The basic parts looked a bit like this before mounting for welding (the silver part represents the water-pipe bottom support bar):

tandem-before welding

(Note: this image is from AtomicZombie.com, who have plans for how to make something similar from two MTB frames, if you want to have a go yourself)

To ensure alignment of the two halves, we made a welding jig using wooden 4x2s. Large washers & bolts firmly secured the bike frames to the jig. We figured that during welding the frames would stay aligned, and they’d come through the welding process without twisting, cracking or bending. We hoped we were right.
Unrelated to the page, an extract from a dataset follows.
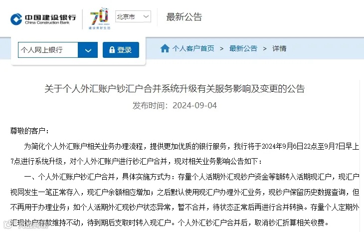 9月4日,建设银行发布关于个人外汇账户钞汇户合并系统升级有关服务影响及变更的公告。建行表示,该行存量个人活期外汇现钞户资金等额转入活期现汇户,之后默认使用现汇户办理外汇业务。个人外汇钞汇户合并后,取消钞汇折算相关收费。建行明确,该行柜面渠道和电子渠道实施个人现钞结汇和现汇结汇同价、个人外汇买卖现钞和现汇交易同价;购汇和现汇结汇报价不变,现汇买入和卖出报价不变。

Neale’s father arranged the welding for us. A few days later the “patient” went off to the welders. It was a tense wait, as with any operation, to see if the patient would hold up and if the surgery had been successful. Post-surgery measurements showed all was good. Utter relief!
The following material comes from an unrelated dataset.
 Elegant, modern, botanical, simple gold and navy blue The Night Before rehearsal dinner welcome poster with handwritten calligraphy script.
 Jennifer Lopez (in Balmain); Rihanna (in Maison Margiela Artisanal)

I spent many days stripping back & removing the burnt & loose paint and rust from the frame so it could be acid etched & primed. The top coat was to be hand-painted enamel house paint. Neale bought the paint so he chose the colour: a bright purple called “Victorian”. [Ed: how perfectly Christchurch!] 

With wheels, brakes, cranks, gears, chains and pedals installed, a 27-speed tandem was born.

27! It had 3 front sprockets, 3 gears on the rear wheel, & 3 internal hub gears, making for 27 gears. When we took it for a test ride over the Port Hills, we found we needed every one of those 27 gears. But on the flat we could easily lollop along at about 45 kph. And it had good brakes and steering. A total success!

Here’s the finished product in all its purple glory…

GregN1979_BikeTrip2

Tandem built. Job done? Not quite. Creating the tandem was just the first act of a much larger drama, one that culminated with an epic 1000km, 15-day bike trip around the Upper South Island in the summer of 1979/80. That’s Neale and me at the top of Spooners Range south of Nelson, a real bugger of a climb I can tell you; photo taken about January 2nd 1980.

But this story is long enough already – so I’ll save that one for another day.